Wednesday morning, San Luis Obispo and Santa Barbara Counties held the 2022 Homeless Point in Time Count.

“So it's just a snapshot, a point in time, one day. So, you know, we can really do comparisons, as I said, year after year over year to see if homelessness is increasing or decreasing," said George Solis, program manager for the County of San Luis Obispo Department of Social Services.

Volunteers use an app to record initials, birth dates, and ages to count people experiencing homelessness in Santa Barbara County.

“The app that we use also uses GPS, so it drops a pin every time there's an observational survey or a full survey or vehicular survey to make sure that we don't really have any overlap,” explained Jett Black-Maertz, a housing program specialist senior at the County of Santa Barbara.

In San Luis Obispo County, they’re trying to maintain social distancing, so volunteers go out in teams and conduct their surveys from their cars or at a distance.

“They have their map, they have a phone-based app that they will use to collect data so they'll drive around their map, they'll look for the... look for tents, they'll look for people sleeping on a bench, people sleeping in cars and they'll just collect the data,” said Solis.

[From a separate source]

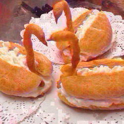 9.Put the puffs before eating Cut off 1/2 of the top, then cut the cut off top into two halves to form wings.Pour whipped cream into the lower half, pipe fresh cream into the middle, cover the wings, and insert the roasted neck into the body.
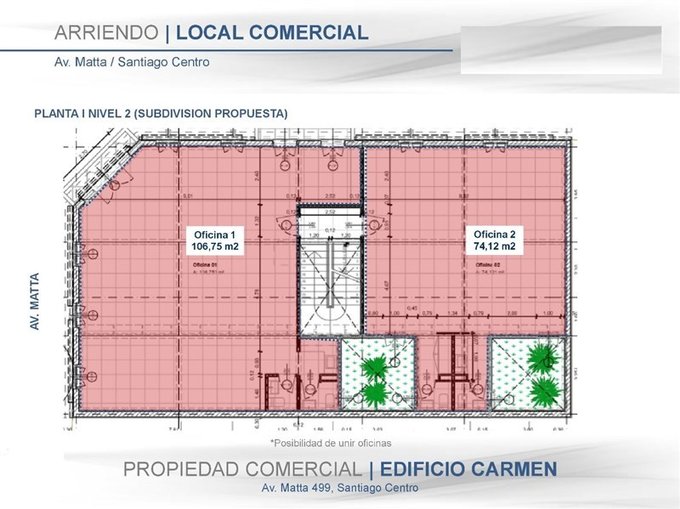 Se trata de 2 oficinas ubicadas en un 2 piso de un edificio nuevo en av. Matta esquina con carmen todo de uso comercial a 350mts del metro estación matta.

The state and federal governments use the numbers to track trends and help decide on how to allocate funding.

“It allows us to determine where they are, why they became homeless and how we can move funding and services to the more appropriate spots. These numbers are used by state funding sources as well as federal funding sources, and so it really dictates resources that are coming to us locally,” said Black-Maertz.

Locally, that funding goes to rental assistance programs, outreach efforts, case management and more.

Counties are supposed to conduct Homeless Point in Time counts every two years. However, in Santa Barbara County, they do it very year – except for in 2021 because of the COVID-19 pandemic.